Financial & competing interests disclosure
Ebola virus research is supported in part by the Division of Intramural Research, National Institute of Allergy and Infectious Diseases, NIH. H Feldmann claims intellectual property regarding the vesicular stomatitis virus-based filovirus vaccines. The authors have no other relevant affiliations or financial involvement with any organization or entity with a financial interest in or financial conflict with the subject matter or materials discussed in the manuscript apart from those disclosed.
No writing assistance was utilized in the production of this manuscript.
Key issues
Ebola viruses cause sporadic outbreaks of hemorrhagic fever in Central Africa with increasing frequency and high case fatality rates.
There are no approved vaccines or treatment strategies available, making efforts toward effective prophylaxis and therapeutics urgent.

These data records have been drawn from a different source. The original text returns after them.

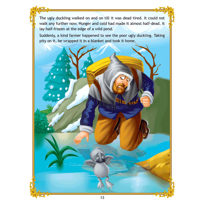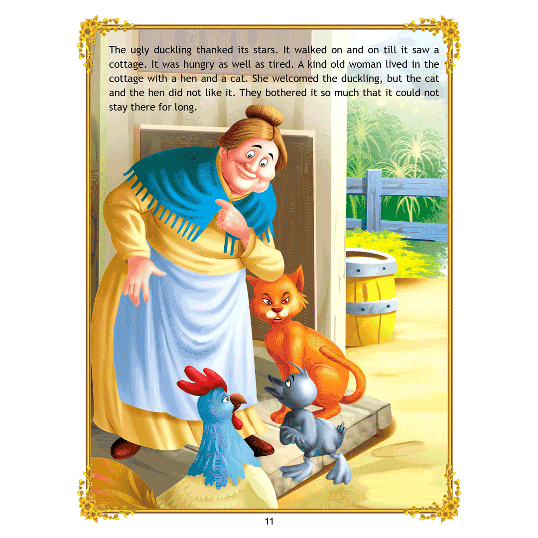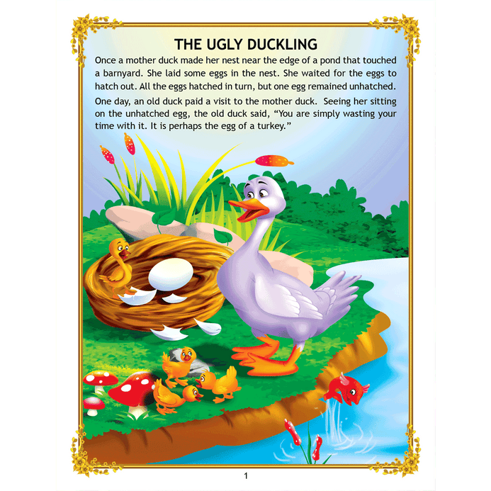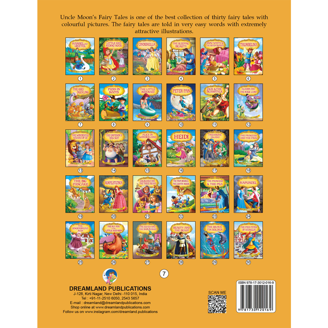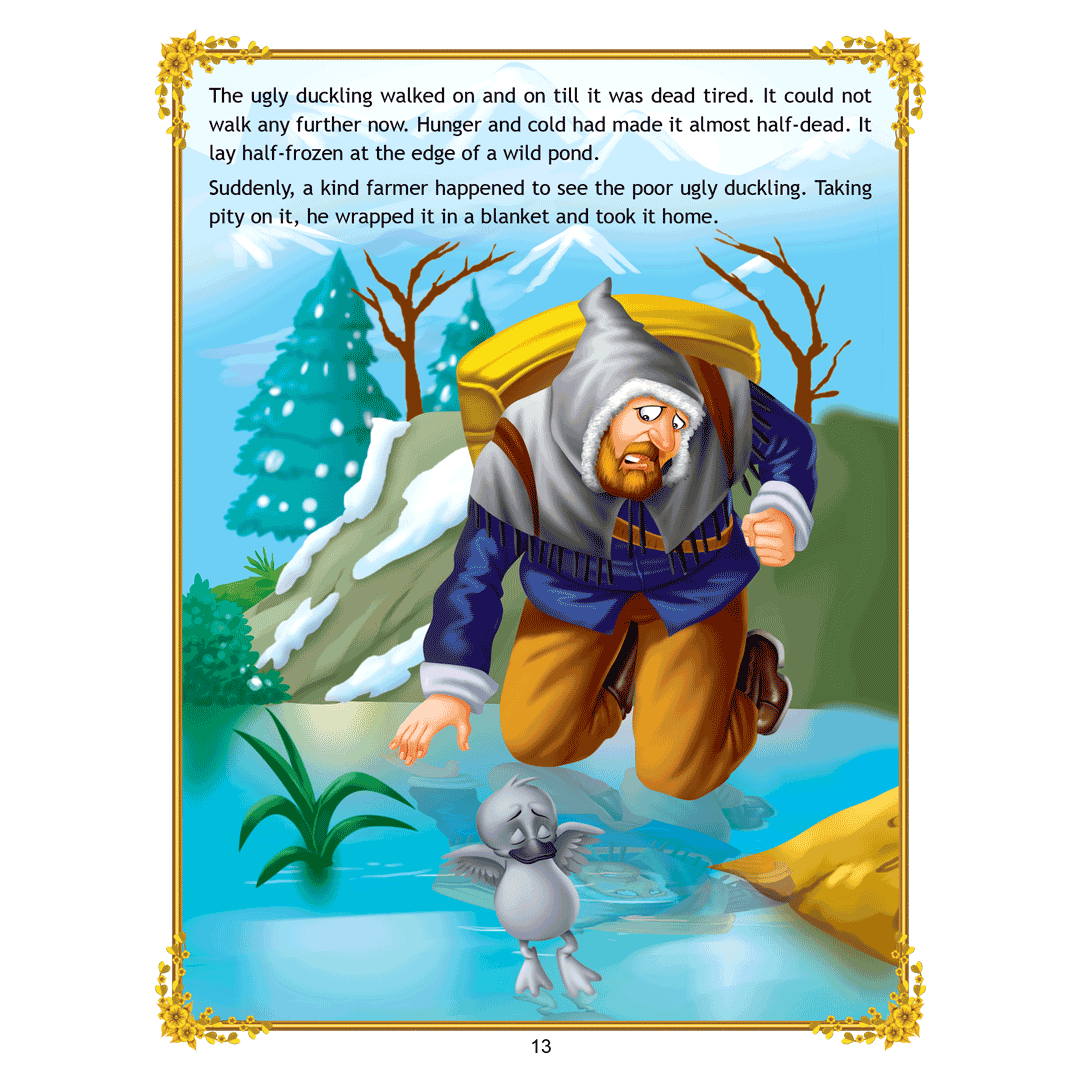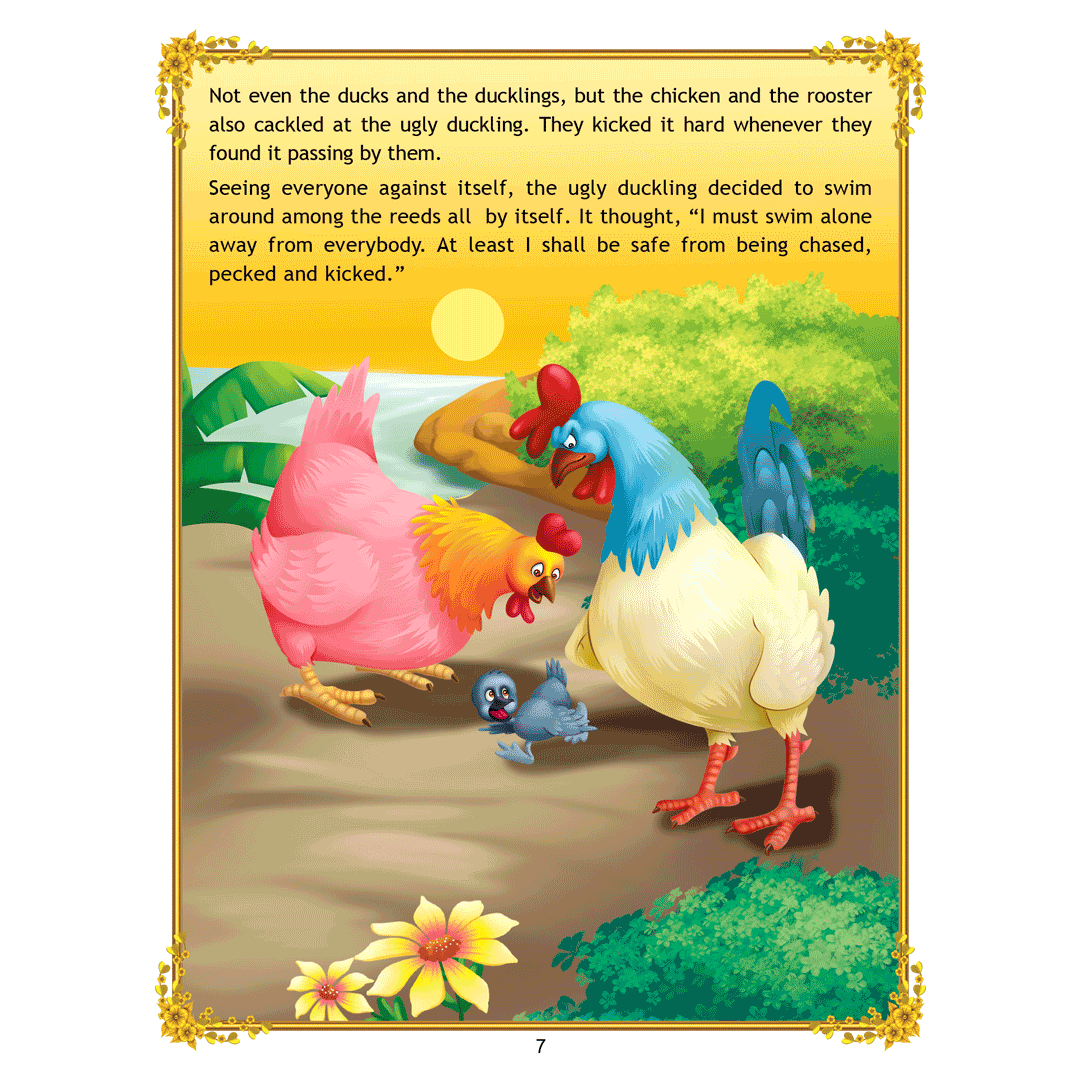 ‘Uncle Moon’s Fairy Tales – Ugly Duckling’ is a story of a plain-looking little bird whom his brothers and other farm animals tease because of his looks. Poor duckling wanders alone through the fall and winter till he meets a group of swans, and realises that he too is a swan. This interesting story presented with colourful illustrations and simple text will make an excellent first reader for young children. • 32 pages • Ideal for age-group 2-6 years • Amazing illustrations • Colourful cover • Inculcates reading habit Presented through captivating illustrations, this is an excellent version of a famous fairy tale that will be loved by children everywhere. Easy-to-understand text ensures that kids enjoy reading it and improve their language skills as well. ?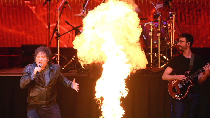 El presidente Javier Milei inició su acto musical en el Movistar Arena, donde presentó este lunes por la noche su nuevo libro "La construcción del milagro", al ritmo de Demoliendo Hoteles de Charly García.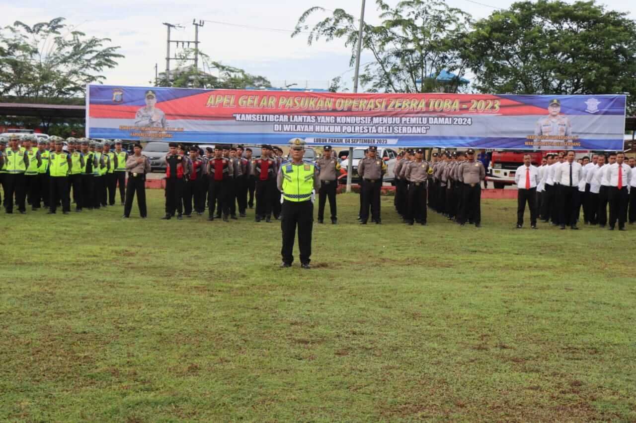 Kapolresta Deli Serdang Kombes Pol Irsan Sinuhaji,SIK, MH, pimpin pelaksanaan apel gelar pasukan Operasi Zebra Toba 2023 bertempat di Lapangan Hijau Polresta Deli Serdang. Senin (04/09/2023).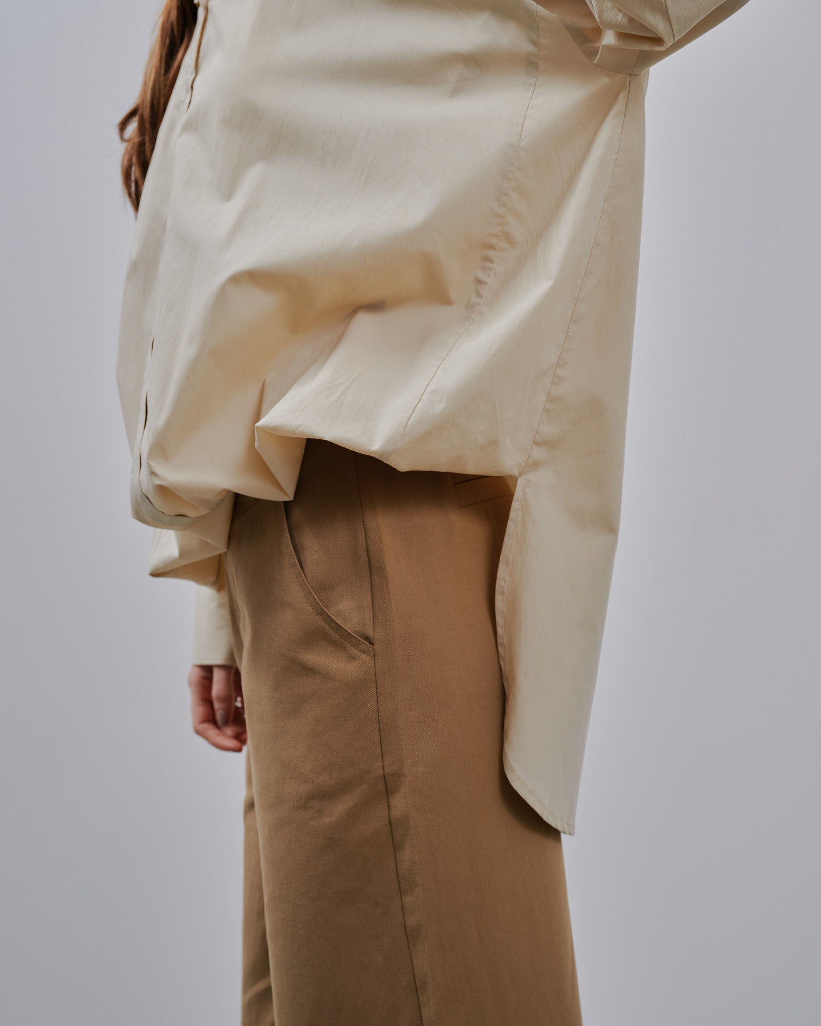長めの袖が自然にブラウジングされ、カフスの幅がエレガントなボリュームを演出。 裾に配備したベルトを中に付属されたボタンにつけることによって、バルーンシルエットが実現されます。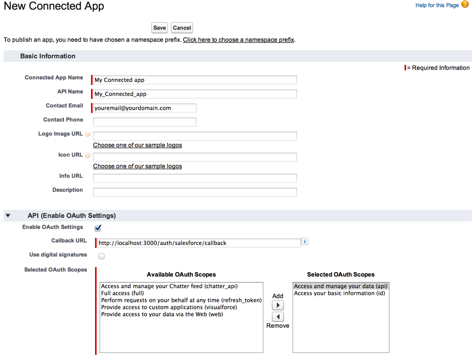 Fill the required fields with information about your app, and check “Enable OAuth Settings”: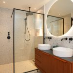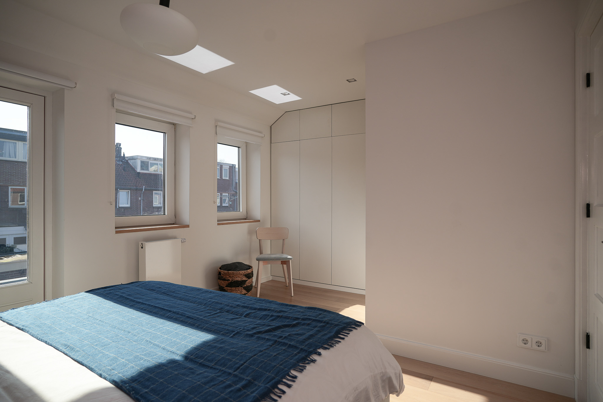 De strakke en moderne afwerking van de woning loopt hier mooi door. Op deze verdieping bevinden zich twee slaapkamers over de volle breedte van de woning en een moderne badkamer.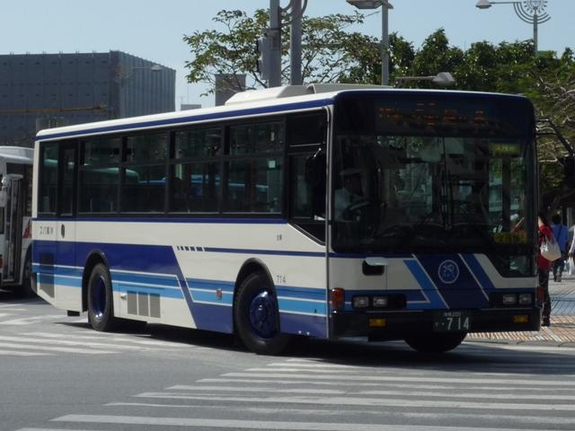 2月に沖縄本島へ出かけた際に見たバス画像よせ集め「沖縄で見たバス2010」、今回は 2008年GW訪問後に登場したと思われる沖縄バスの車両画像を並べていきます。沖縄 バスは本島4社でいち早く730路線車を代替したこともあり、琉球バス交通や那覇バスに 比べると大きく変わったという印象は少な目。とはいえ、中型移籍車の出物が増えてきたこ ともあり、他社同様に中型車の活躍する姿を見かけるようになりました。 沖縄200か610. ということでまずは中型移籍車から。2008年は神奈川中央交通で95年に大量導入された 中型車が各地に散らばり、トップドア車が移籍しているなど馴染みの深い沖縄バスにも当然 のように数台移籍してきました。前扉を見る限り、新ステップは取り外されている模様。 市外線で活躍しているため中扉は神奈川中央交通時代同様に「しめきり」です。 沖縄200か611. せっかくなのでもう1台。第一次導入車両は前面の運賃幕窓が扉側に若干出っ張ったタ イプです。 沖縄200か632. やや間を開けて導入された第二次導入車。運賃幕窓の違いがお分かりいただけるかと。 沖縄200か637. 同じくもう一台。系統板掲示位置が変更。使わない運賃幕窓を残しておく必要も無いという ことなんでしょう。 沖縄200か641. 沖縄バスでここ数年継続して導入される乗合新車。尿素MPワンステップ車です。 乗合車は移籍車ばかりがデフォの沖縄にあって、継続導入を続けるところに沖縄バスの意 地を感じます。 沖縄200か705. 最近導入したと思われるトップドアのエアロスターM移籍車。仕様的に自家用・特定チック なので元事業者判別は難しそうな1台です。 沖縄200か713. そしてニューエアロスターも移籍車として導入される時代になりました。京浜急行バスから のワンステップ移籍車。スロープが無いためか塗装はこれまで通りの沖バスカラーで登場。 行先表示はLEDを装備し、今後の移籍車から本格的に採用されるのか気になるところ。 沖縄200か714. 京浜急行バスからは複数台移籍してきた模様。 自社発注や初期導入の移籍車など古参格の車両や、横向きシート配置がネックで那覇の 予備車となっていた京急ワンステ移籍車も姿を見ることが出来ず。このあたりの車両と代替 されたのでしょう。730車代替後、長く続いたエアロスターK天国も変わりつつあるようです。 PR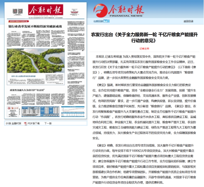 本報(bào)訊 記者左希報(bào)道 為深入貫徹落實(shí)黨中央、國(guó)務(wù)院關(guān)于新一輪千億斤糧食產(chǎn)能提升行動(dòng)的決策部署,扎實(shí)有效落實(shí)農(nóng)發(fā)行服務(wù)國(guó)家糧食安全工作會(huì)議精神,近日,農(nóng)發(fā)行印發(fā)《關(guān)于全力服務(wù)新一輪千億斤糧食產(chǎn)能提升行動(dòng)的意見(jiàn)》(以下簡(jiǎn)稱《意見(jiàn)》),明確五項(xiàng)專項(xiàng)支持政策和九大重點(diǎn)支持方向,推動(dòng)全行鞏固提升“糧食銀行”品牌,進(jìn)一步加大政策性金融服務(wù)國(guó)家糧食安全支持力度。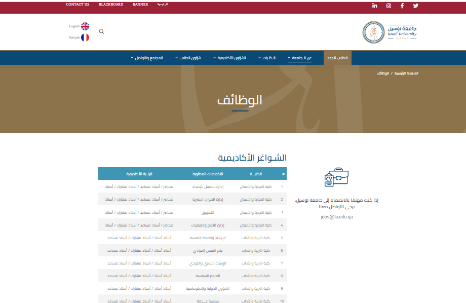 للتقديم في وظيفة جامعة لوسيل عبر الموقع الرسمي اضغط هنا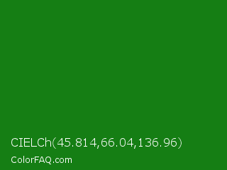 CIELCh 45.814,66.04,136.96 Color is a dark green color and the nearest color is India Green #138808. Hex code #157e14 and RGB value is rgb(21,126,20). In RGB color space, this color is composed of 8% red, 49% green, 8% blue, In CMYK color space, this color is composed of 83% cyan, 0% magenta, 84% yellow , 51% black , In HSL color space, this color has a hue angle of 119° , 73% saturation and 29% lightness.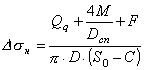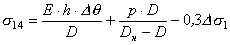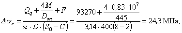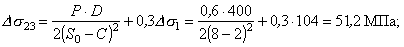 Ds21=Dsн+Ds1= 24,3 + 104 = 128,3 МПа; Ds22=Dsн-Ds1= 24,3 + 104 = 128,3 МПа; 6.5. Окружные напряжения в обечайке на наружной внутренней поверхностях при затяжке, МПа: s23 = 0,3×s1 = 0,3×353,6 = 106,1 МПа; s24 = -0,3×s1= -0,3×356,6 = -106,1 МПа. 6.6. Приращение окружных напряжений в обечайке на наружной и внутренней поверхностях в рабочих условиях: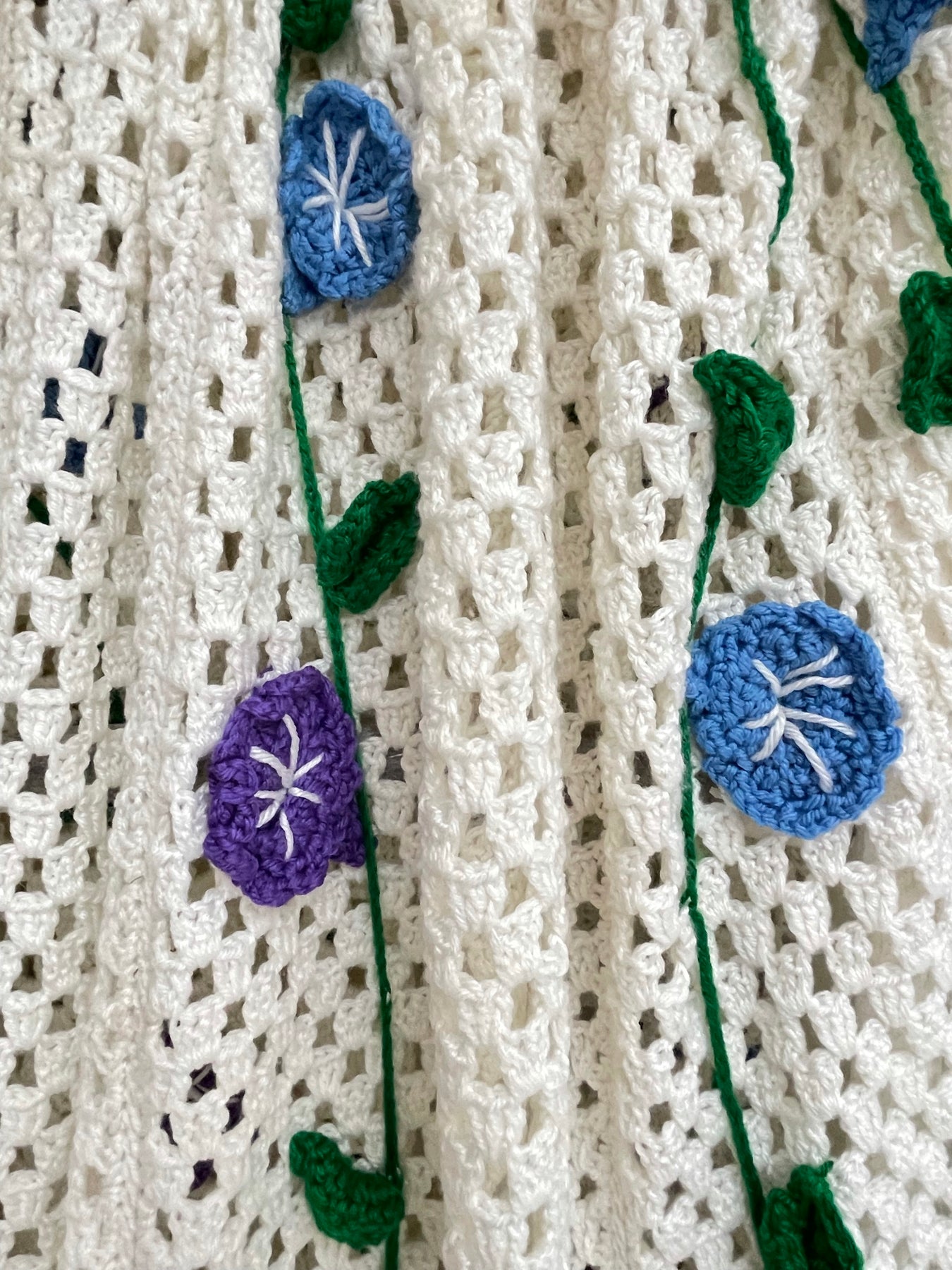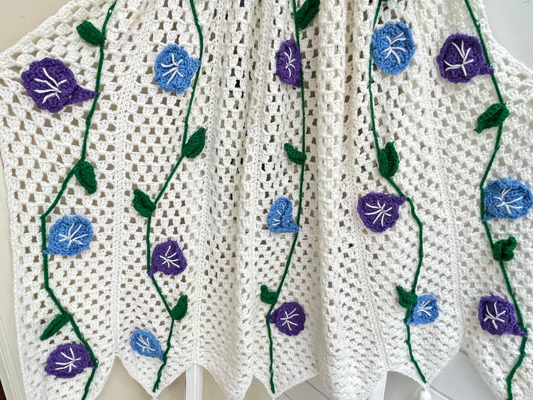 Set against a crisp white background, this afghan features graceful blue and purple morning glory motifs that evoke calm mornings, fresh air, and the quiet beauty of nature in bloom. The soft color palette and floral design create a serene yet striking blanket that feels timeless and elegant.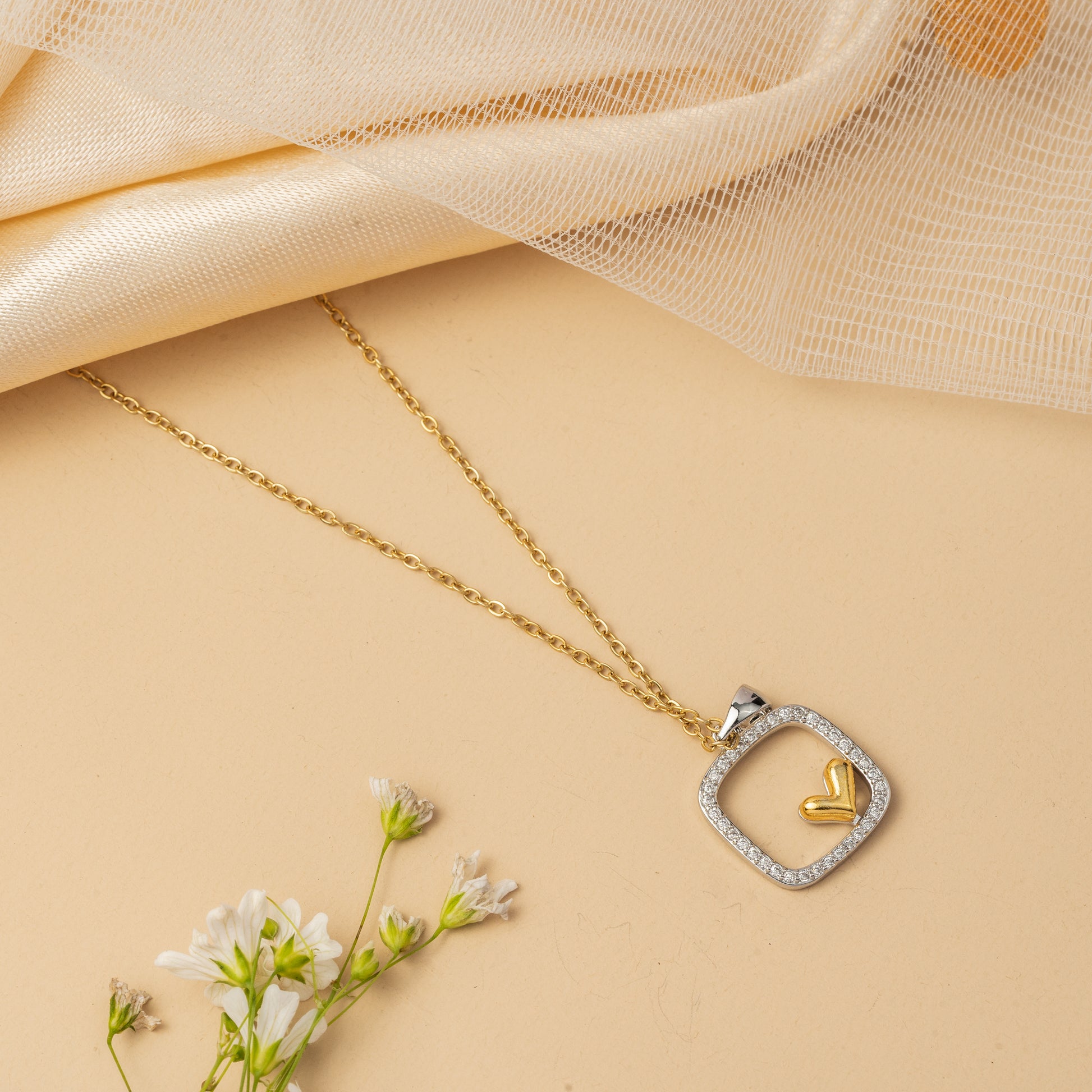 A modern open-frame pendant shaped in a soft square silhouette, cradling a delicately suspended heart motif at its center. The contrast between the structured outline and the free-floating inner element creates depth and visual intrigue, symbolizing balance between strength and softness. Suspended from a fine chain, this design feels minimal yet expressive-an elegant statement of subtle emotion and refined form.

Several experimental vaccine approaches have shown promising protective efficacy in nonhuman primate models of Ebola hemorrhagic fever [rec. vesicular stomatitis virus (rVSV), rec Adenovirus 5 (rAd5), virus-like particles, rec. rabies virus (rRABV)], but development has not progressed past Phase I Clinical Trials.
While antibodies have been shown to be a mechanism of protection for the rhabdovirus-based vaccine vectors (rRABV and rVSV), protective efficacy with the rAd5 platform seems to be dependent on CD8+ T cell and antibody responses.
The development of various vaccine platforms is encouraged as they have their advantages/disadvantages for distinct application approaches.